Goal of the exercise: Would you transcribe the listing that follows word for word, skipping pictures?

Material provided below:

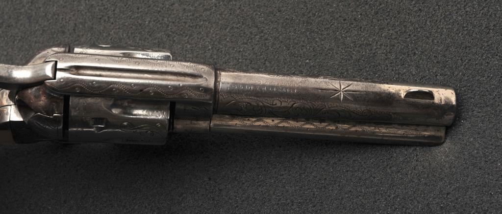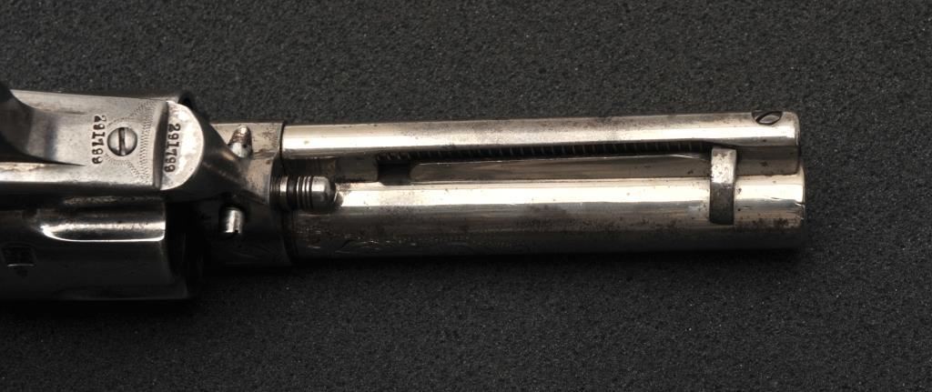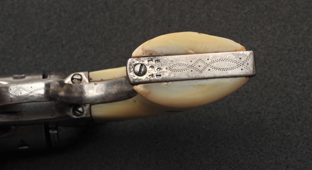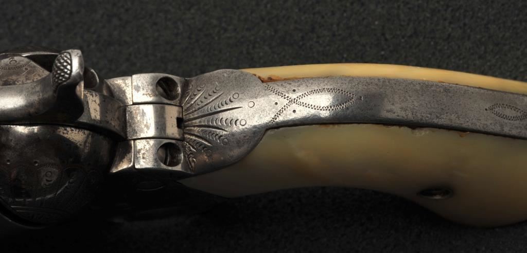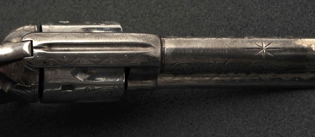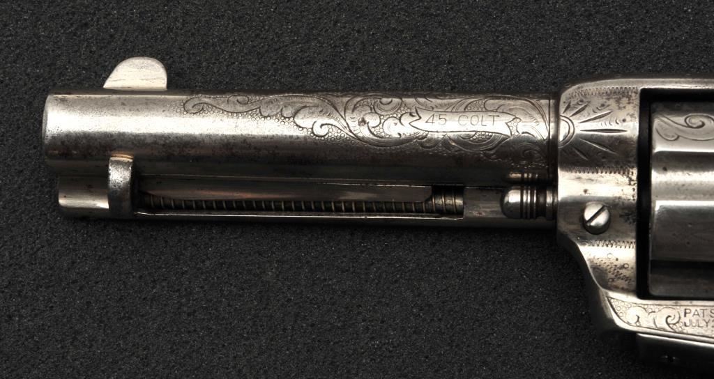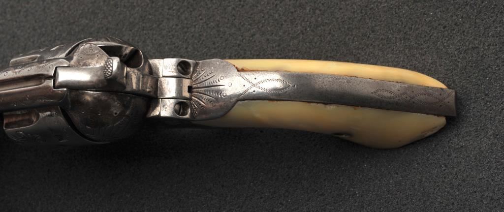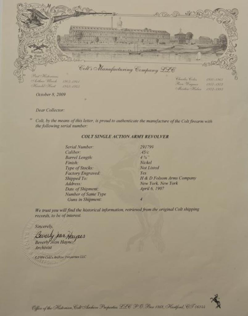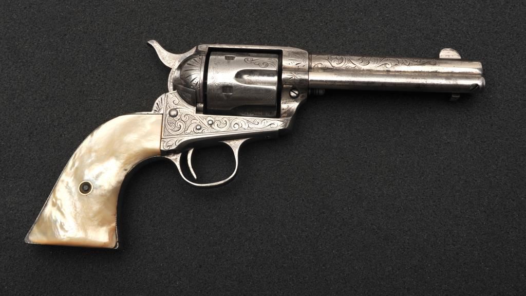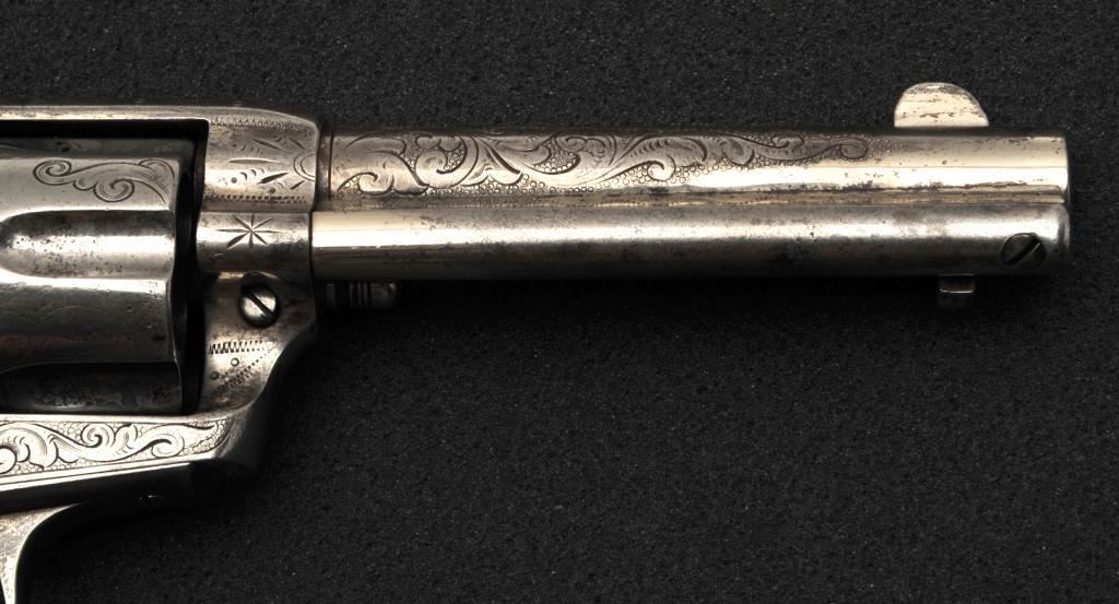 Colt Single Action Army revolver in .45 Colt caliber with a 4 ¾” barrel, nickel finish, pearl grips, and factory engraved shipped to H&D Folsom Arms, Co., New York, N.Y., April 6, 1907, 4 guns in shipment. All features verified by factory letter (Included) except stocks “Not Listed”. This Colt remains in original good to vry good condition with 10%-20% original nickel mostly drifted and lightly cleaned to gray metal patina. Good edges and slightly light markings. All matching visible numbers. The grips are slightly undersized with small losses and chips but definitely of same era. The front sight has been slimmed very slightly. Good action and good overall. Classic engraving pattern. (C&R/No PPT) Est.: $6,000-$12,000
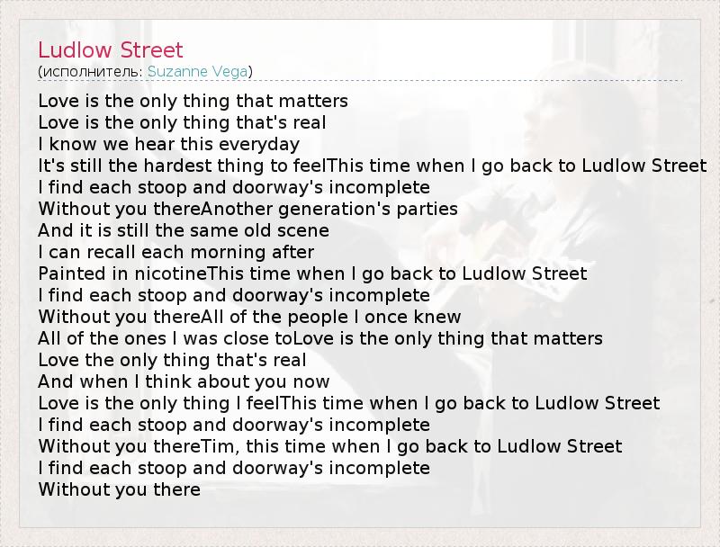 Love is the only thing that matters Love is the only thing that's real I know we hear this everyday It's still the hardest thing to feelThis time when I go back to Ludlow Street I find each stoop and doorway's incomplete Without you thereAnother generation's parties And it is still the same old scene I can recall each morning after Painted in nicotineThis time when I go back to Ludlow Street I find each stoop and doorway's incomplete Without you thereAll of the people I once knew All of the ones I was close toLove is the only thing that matters Love the only thing that's real And when I think about you now Love is the only thing I feelThis time when I go back to Ludlow Street I find each stoop and doorway's incomplete Without you thereTim, this time when I go back to Ludlow Street I find each stoop and doorway's incomplete Without you there
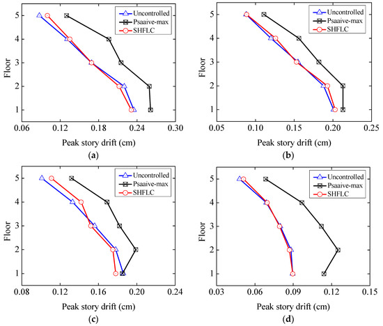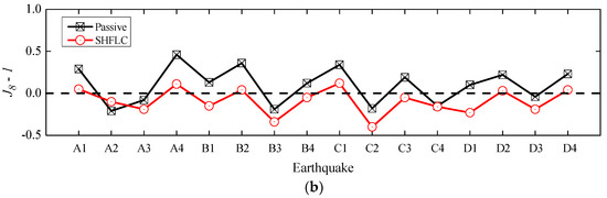 Figure 12 illustrates the profiles of average inter-story drifts for uncontrolled, maximum passive control and SHFLC cases. In the figure, it can be seen that the SHFLC case is better than the maximum passive control in inter-story drift reductions of base-isolated structure. Compared with uncontrolled base-isolated structure, there is no obvious amplification in inter-story drifts in the SHFLC case. Furthermore, the inter-story drifts of the SHFLC case at the bottom of the superstructure have an appropriate reduction, which can be illustrated by the performance indices shown in Table 7 and Table 8, respectively. The values of for the SHFLC case subjected to most earthquakes is less than 1, which demonstrates that the peak inter-story drift of the SHFLC case is reduced relative to uncontrolled structure.
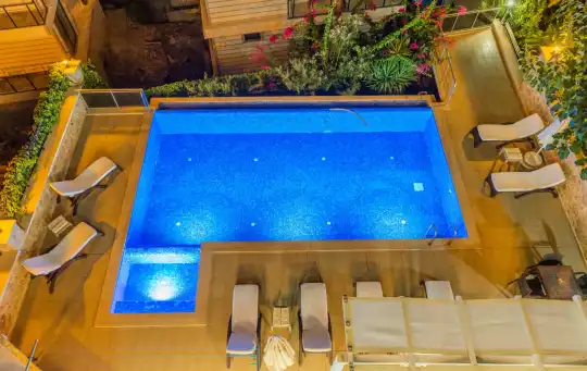 - Havuz Terası: Geniş havuz terası, 8 adet şezlong

End of Material provided.

Written answer:
 Colt Single Action Army revolver in .45 Colt caliber with a 4 ¾” barrel, nickel finish, pearl grips, and factory engraved shipped to H&D Folsom Arms, Co., New York, N.Y., April 6, 1907, 4 guns in shipment. All features verified by factory letter (Included) except stocks “Not Listed”. This Colt remains in original good to vry good condition with 10%-20% original nickel mostly drifted and lightly cleaned to gray metal patina. Good edges and slightly light markings. All matching visible numbers. The grips are slightly undersized with small losses and chips but definitely of same era. The front sight has been slimmed very slightly. Good action and good overall. Classic engraving pattern. (C&R/No PPT) Est.: $6,000-$12,000
 Love is the only thing that matters Love is the only thing that's real I know we hear this everyday It's still the hardest thing to feelThis time when I go back to Ludlow Street I find each stoop and doorway's incomplete Without you thereAnother generation's parties And it is still the same old scene I can recall each morning after Painted in nicotineThis time when I go back to Ludlow Street I find each stoop and doorway's incomplete Without you thereAll of the people I once knew All of the ones I was close toLove is the only thing that matters Love the only thing that's real And when I think about you now Love is the only thing I feelThis time when I go back to Ludlow Street I find each stoop and doorway's incomplete Without you thereTim, this time when I go back to Ludlow Street I find each stoop and doorway's incomplete Without you there
 Figure 12 illustrates the profiles of average inter-story drifts for uncontrolled, maximum passive control and SHFLC cases. In the figure, it can be seen that the SHFLC case is better than the maximum passive control in inter-story drift reductions of base-isolated structure. Compared with uncontrolled base-isolated structure, there is no obvious amplification in inter-story drifts in the SHFLC case. Furthermore, the inter-story drifts of the SHFLC case at the bottom of the superstructure have an appropriate reduction, which can be illustrated by the performance indices shown in Table 7 and Table 8, respectively. The values of for the SHFLC case subjected to most earthquakes is less than 1, which demonstrates that the peak inter-story drift of the SHFLC case is reduced relative to uncontrolled structure.
 - Havuz Terası: Geniş havuz terası, 8 adet şezlong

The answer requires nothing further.